(cc'ing Beman because I'd like his input on this important release issue.) troy d. straszheim wrote:
Eric Niebler wrote:
troy d. straszheim wrote:
Unless somebody takes over maintenance of cmake in SVN, I'm going to remove cmake from trunk and release in the next couple of days, before 1.41 gets frozen. The reasoning was explained in previous threads. We cmakers are alive and well and have a good system for creating cmakeable distributions in the weeks after each release.
Troy, I must have missed those previous threads. Can you send a link or summarize the discussion for me? I'd like to know why we're regressing our cmake efforts on trunk and release.
This is really just a decoupling of unnecessarily coupled workflows. Once a release of boost exists, it is then efficient to tune up the cmakefiles for a boost-cmake release.

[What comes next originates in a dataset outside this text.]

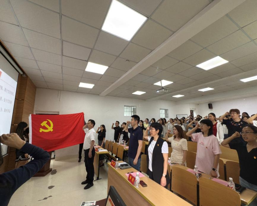 周杰为新发展党员代表佩戴党徽,各党支部书记为新发展党员佩戴党徽。党徽的佩戴不仅象征着党员身份的确认,更意味着责任与使命的传承。随后,正处级组织员周乐成领誓,全体党员持立正姿势,举右拳,向鲜红的党旗庄严宣誓,向党和人民作出庄严承诺。

One can't, for instance, right now start committing to the cmakefiles on the release branch (in anticipation of 1.41) because it is disruptive,
Not only is it disruptive, but it's against policy to commit directly to release.
setting off bells in an inspect script somewhere, I've done this several times already. AFAICT the fix is to maintain cmake on the trunk as well, which increases the workload significantly for no gain (nobody uses it there). Also, several bugs (cmake bugs) will likely come up in the weeks following the release, and with a separate release loop it is easy to fix them and get patch releases out.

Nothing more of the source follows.